AIM OF THE EXERCISE
Give back the exact lines of the material below from the one containing "Мужская поясная сумка-мессенджер" through the one containing "Εκτός από τα", and no pictures.

RECORD SET
<<<<
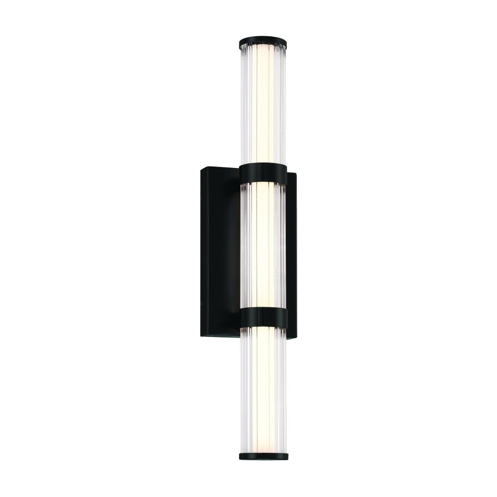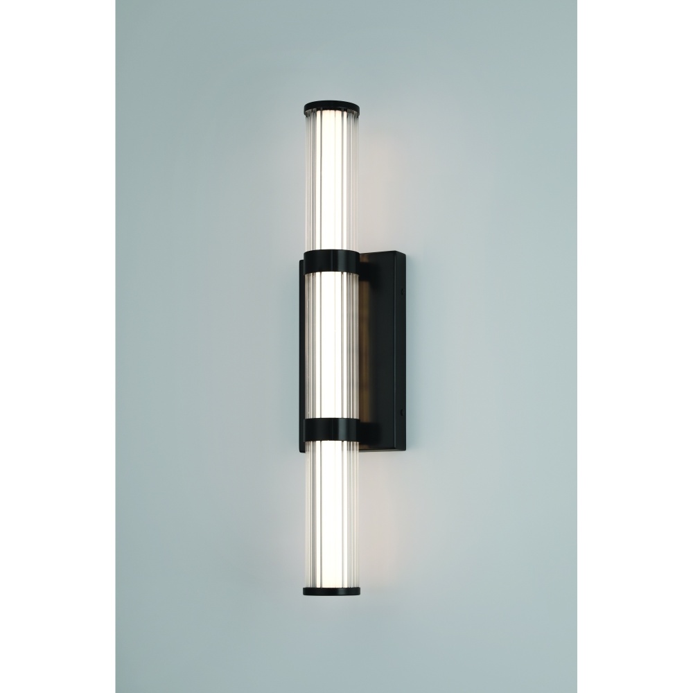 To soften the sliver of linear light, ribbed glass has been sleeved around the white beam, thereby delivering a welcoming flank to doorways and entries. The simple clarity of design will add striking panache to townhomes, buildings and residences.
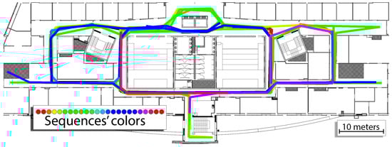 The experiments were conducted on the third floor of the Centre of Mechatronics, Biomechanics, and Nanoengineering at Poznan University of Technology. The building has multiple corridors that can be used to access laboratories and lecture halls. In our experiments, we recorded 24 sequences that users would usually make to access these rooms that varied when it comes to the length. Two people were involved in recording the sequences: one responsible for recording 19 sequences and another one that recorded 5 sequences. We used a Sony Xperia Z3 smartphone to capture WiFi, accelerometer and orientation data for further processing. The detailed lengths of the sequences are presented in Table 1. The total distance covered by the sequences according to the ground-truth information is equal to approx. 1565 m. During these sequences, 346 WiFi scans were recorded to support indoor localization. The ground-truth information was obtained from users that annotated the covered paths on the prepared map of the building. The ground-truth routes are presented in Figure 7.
>>>>
<<<<
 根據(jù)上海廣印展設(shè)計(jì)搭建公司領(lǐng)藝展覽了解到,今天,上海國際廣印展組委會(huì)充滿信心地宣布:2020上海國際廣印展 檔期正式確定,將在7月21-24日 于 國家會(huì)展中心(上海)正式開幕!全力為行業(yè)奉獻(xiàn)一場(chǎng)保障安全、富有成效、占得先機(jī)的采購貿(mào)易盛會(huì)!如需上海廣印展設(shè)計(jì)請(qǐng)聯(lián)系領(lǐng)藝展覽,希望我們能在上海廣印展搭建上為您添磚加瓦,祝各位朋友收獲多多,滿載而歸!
>>>>
<<<<
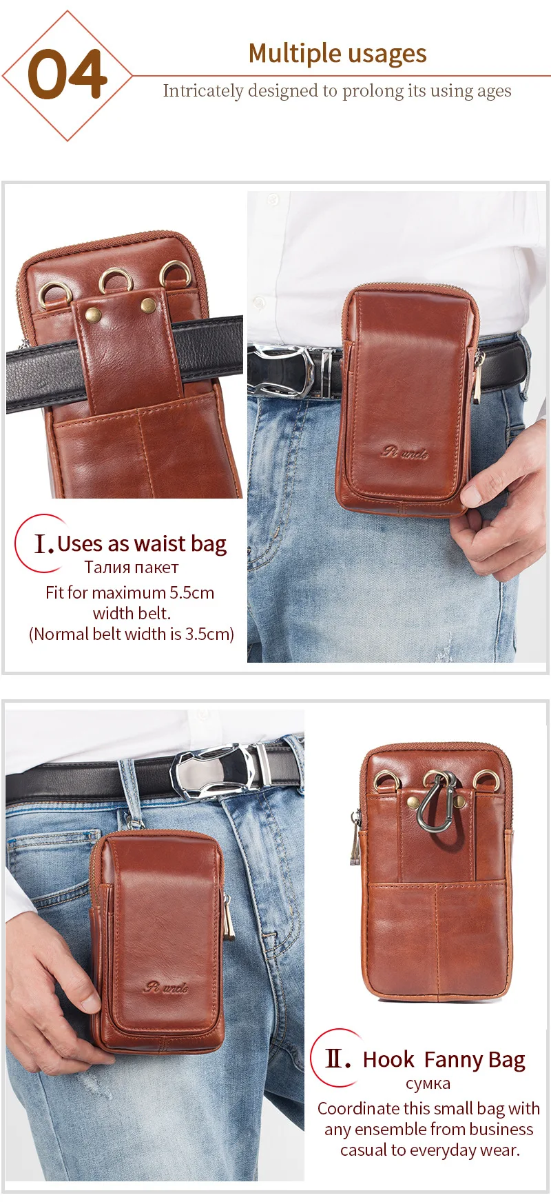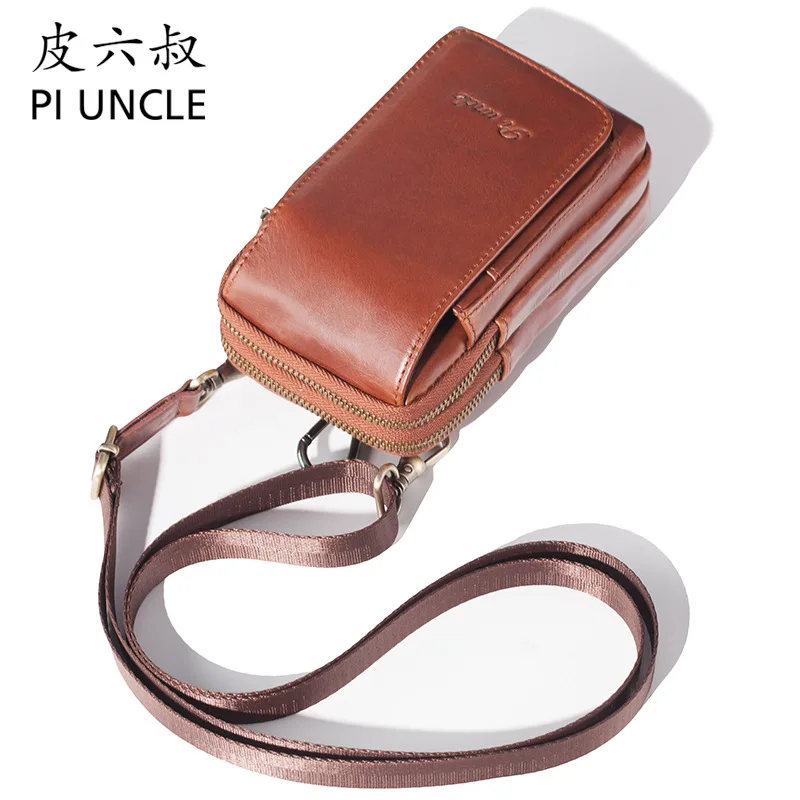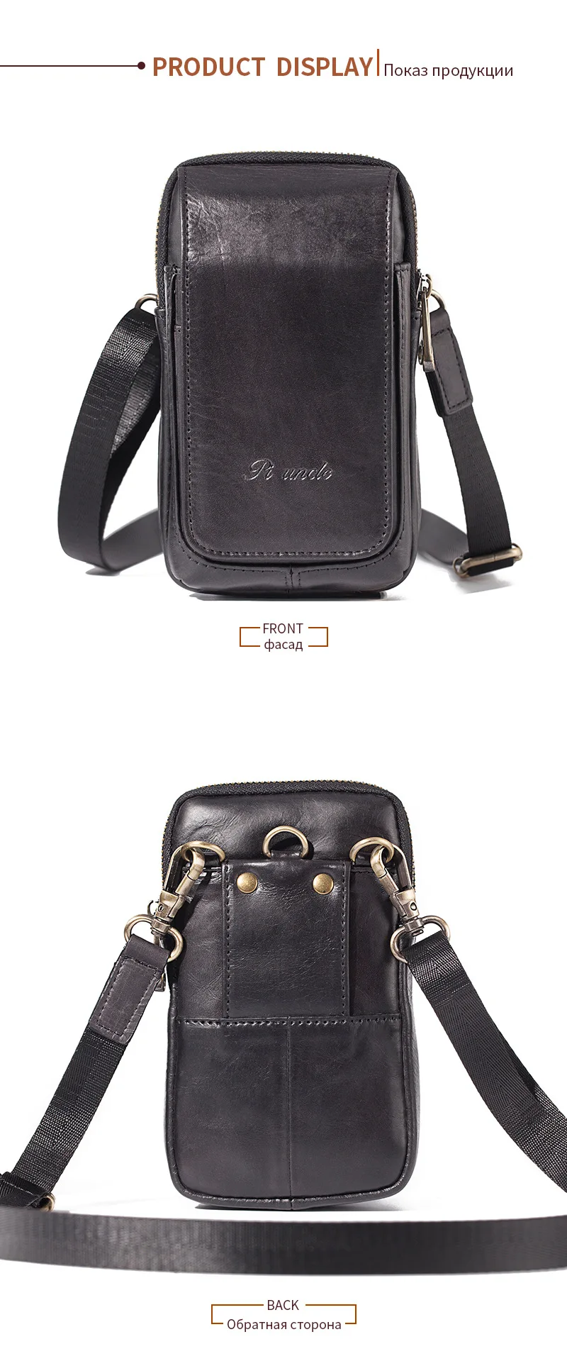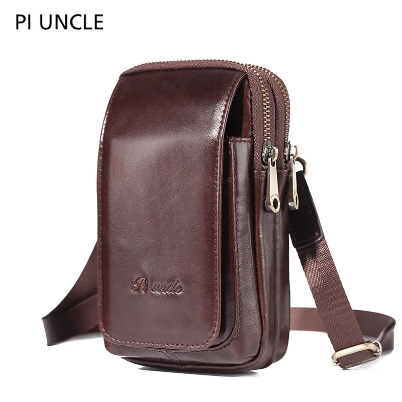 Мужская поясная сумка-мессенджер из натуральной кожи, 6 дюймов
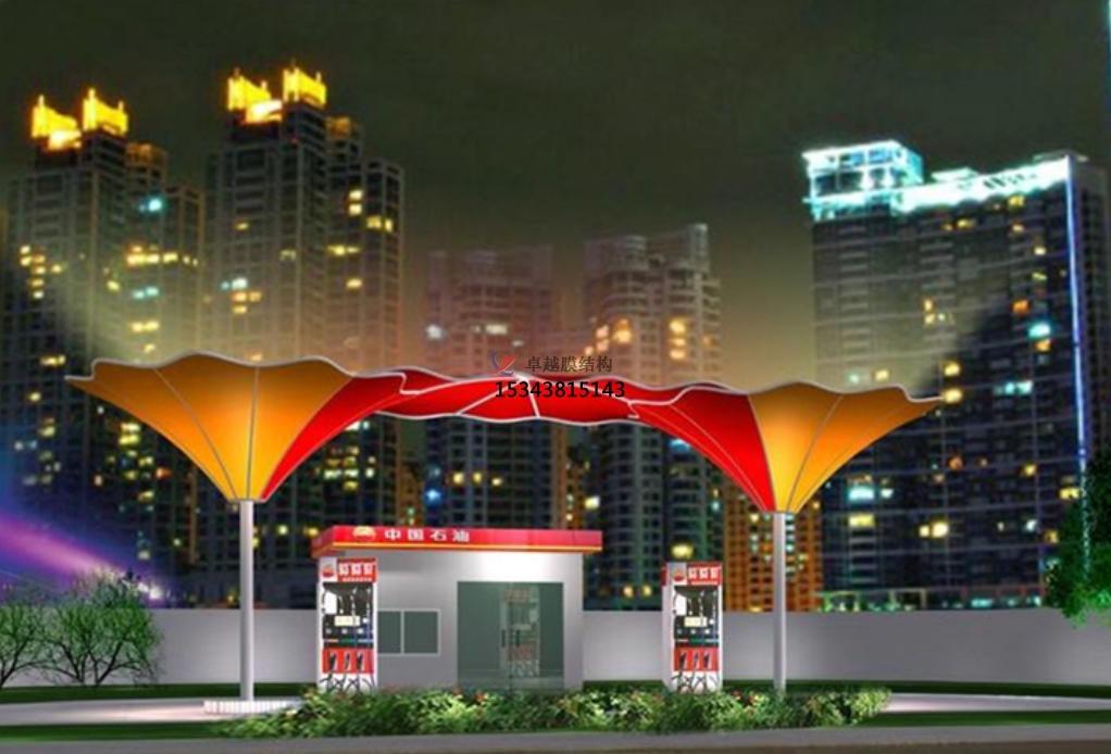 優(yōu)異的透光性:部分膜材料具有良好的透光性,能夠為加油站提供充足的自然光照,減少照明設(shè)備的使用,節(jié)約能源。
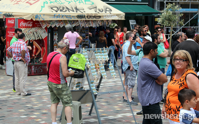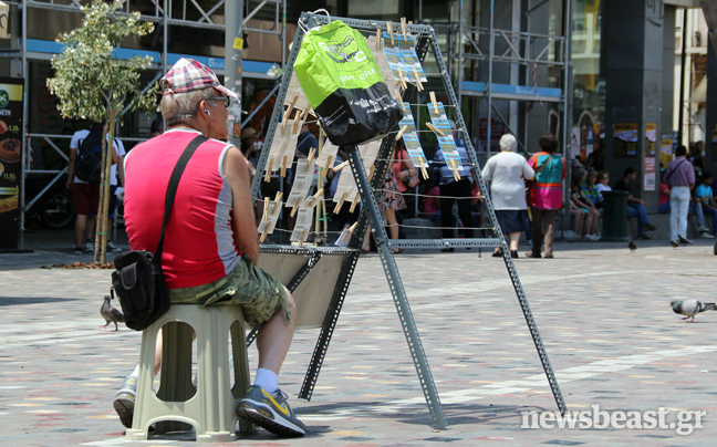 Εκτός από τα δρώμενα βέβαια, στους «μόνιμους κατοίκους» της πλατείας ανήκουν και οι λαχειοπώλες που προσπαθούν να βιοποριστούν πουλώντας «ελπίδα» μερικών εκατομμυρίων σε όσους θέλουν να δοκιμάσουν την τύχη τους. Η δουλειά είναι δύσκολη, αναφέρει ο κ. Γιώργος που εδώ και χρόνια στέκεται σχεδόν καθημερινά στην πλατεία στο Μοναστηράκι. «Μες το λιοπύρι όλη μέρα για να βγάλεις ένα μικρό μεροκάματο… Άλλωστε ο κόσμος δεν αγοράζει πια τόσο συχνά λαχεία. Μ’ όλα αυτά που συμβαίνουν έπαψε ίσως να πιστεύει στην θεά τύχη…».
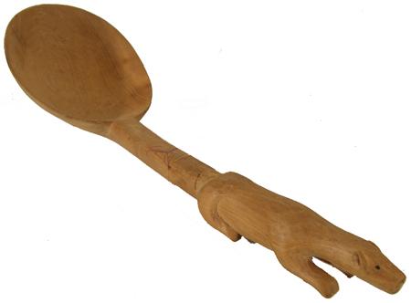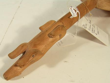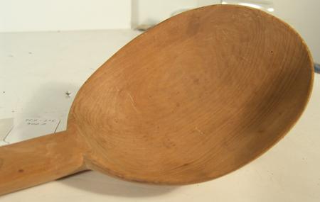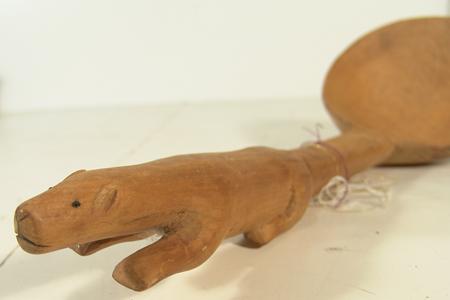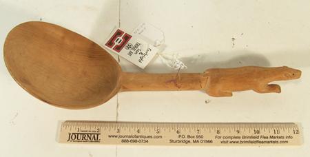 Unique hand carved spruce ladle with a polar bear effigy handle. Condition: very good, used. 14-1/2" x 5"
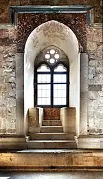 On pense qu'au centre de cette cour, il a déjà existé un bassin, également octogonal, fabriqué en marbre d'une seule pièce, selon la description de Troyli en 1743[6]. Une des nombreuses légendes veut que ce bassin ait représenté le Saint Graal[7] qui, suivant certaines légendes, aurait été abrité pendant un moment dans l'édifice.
>>>>
TASK RESULT
 Мужская поясная сумка-мессенджер из натуральной кожи, 6 дюймов
 優(yōu)異的透光性:部分膜材料具有良好的透光性,能夠為加油站提供充足的自然光照,減少照明設(shè)備的使用,節(jié)約能源。
 Εκτός από τα δρώμενα βέβαια, στους «μόνιμους κατοίκους» της πλατείας ανήκουν και οι λαχειοπώλες που προσπαθούν να βιοποριστούν πουλώντας «ελπίδα» μερικών εκατομμυρίων σε όσους θέλουν να δοκιμάσουν την τύχη τους. Η δουλειά είναι δύσκολη, αναφέρει ο κ. Γιώργος που εδώ και χρόνια στέκεται σχεδόν καθημερινά στην πλατεία στο Μοναστηράκι. «Μες το λιοπύρι όλη μέρα για να βγάλεις ένα μικρό μεροκάματο… Άλλωστε ο κόσμος δεν αγοράζει πια τόσο συχνά λαχεία. Μ’ όλα αυτά που συμβαίνουν έπαψε ίσως να πιστεύει στην θεά τύχη…».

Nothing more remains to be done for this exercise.